但是,我修改了终止条件,即当发现当前节点的邻接节点是目的地时,程序将结束。然后得到节点1和节点4之间的路径结果。结果是路径1:1-> 2-> 4。 我分析这是因为我设置了错误的终止条件。当发现当前节点的邻接节点是目标节点时,程序将终止,这是错误的,但是我不知道在找到目标节点时设置合适的终止条件。能否请您提供一些想法?
解决方法
当您刚刚从堆中获得当前节点时,终止条件的唯一正确位置是在外循环的开始。
在迭代邻居时进行该测试是错误的,因为您不能保证最后一条边是最短路径的一部分。试想一下,到邻居的最后一步会付出极高的代价:永远不可能在最短的路径上,所以不要在那儿执行终止条件:可能还有另一条通往水槽的路径更便宜。
我也没有看到您在代码中实际填充parent的位置。
我也不会一开始就将所有节点放在堆上,因为当元素较少时,堆会更快。您可以从只有1个节点的堆开始。
另一种小的优化方法是也使用parent将节点标记为已访问,因此实际上并不需要parent和visited。

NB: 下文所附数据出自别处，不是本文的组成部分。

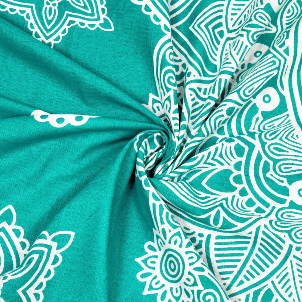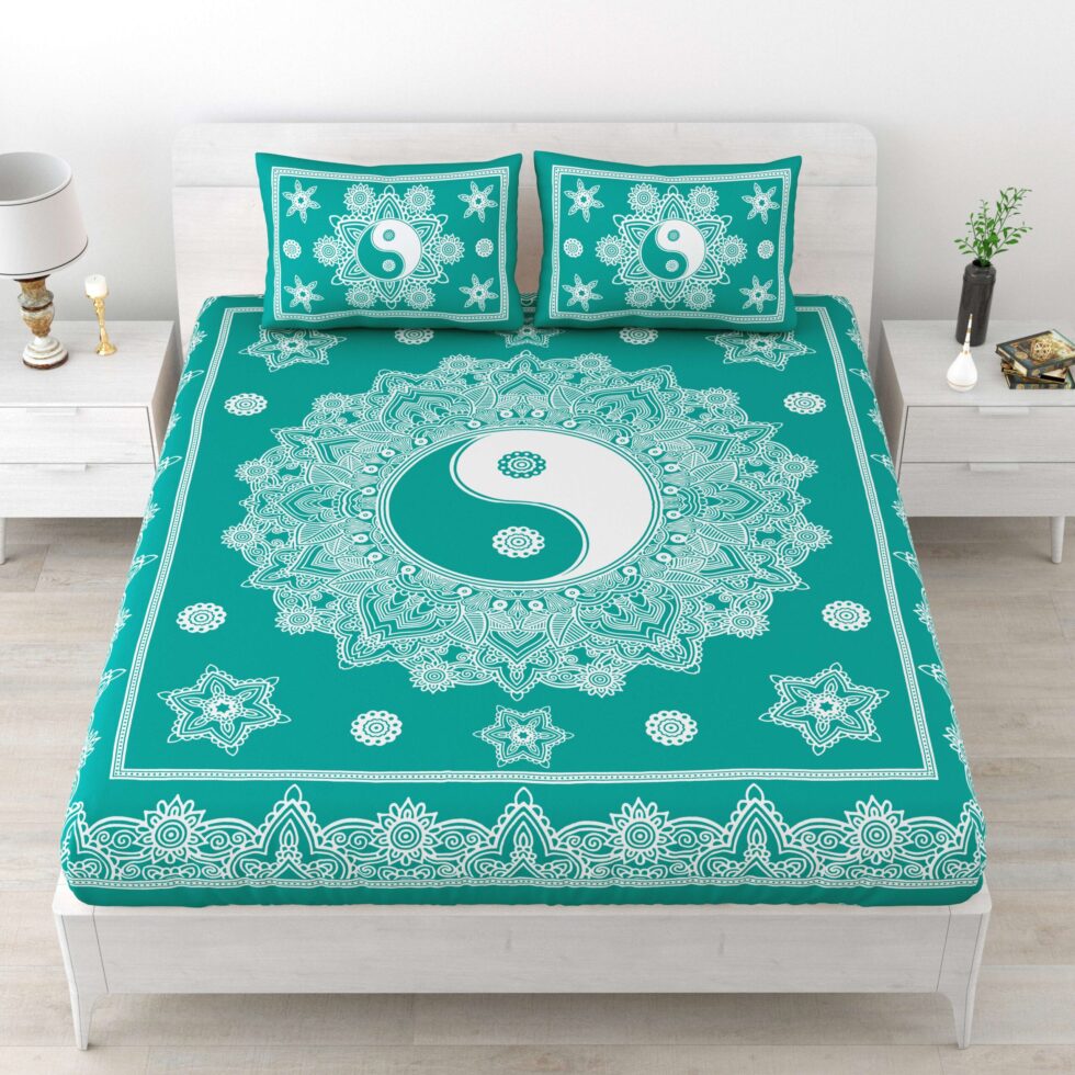 Jaipuri Stylish Mandala Printed Double Bed Bedsheet With Two Pillow Cover (Green And white)

最后,我不知道FibonacciHeap库,所以我刚刚学习了heapq,这是一个非常轻便的堆实现:
from heapq import heappop,heappush
def dijkstra(adjList,source,sink):
n = len(adjList)
parent = [None]*n
heap = [(0,0)] # No need to push all nodes on the heap at the start
# only add the source to the heap
while heap:
distance,current,came_from = heappop(heap)
if parent[current] is not None: # skip if already visited
continue
parent[current] = came_from # this also marks the node as visited
if sink and current == sink: # only correct place to have terminating condition
# build path
path = [current]
while current != source:
current = parent[current]
path.append(current)
path.reverse()
return distance,path
for (neighbor,cost) in adjList[current]:
if parent[neighbor] is None: # not yet visited
heappush(heap,(distance + cost,neighbor,current))
adjList = [
[],[[2,7],[3,9],[6,14]],[[1,[4,15],10]],[2,10],11],2]],[5,6]],[[4,6],9]],[[5,[1,14]]
]
dist,path = dijkstra(adjList,1,4)
print("found shortest path {},which has a distance of {}".format(path,dist))
实际上,您有正确的条件可以退出代码,即current == sink。您不能强加任何其他退出条件。该算法必须一直运行到访问目标节点为止,因为只有在这一点上,您才能确定到目标的最短路径的值。由于这种情况,查找单个源单个目标最短路径的复杂性与单个源所有节点最短路径的复杂性相同。因此,您的提前退出条件是正确的,应该删除所有邻居条件检查。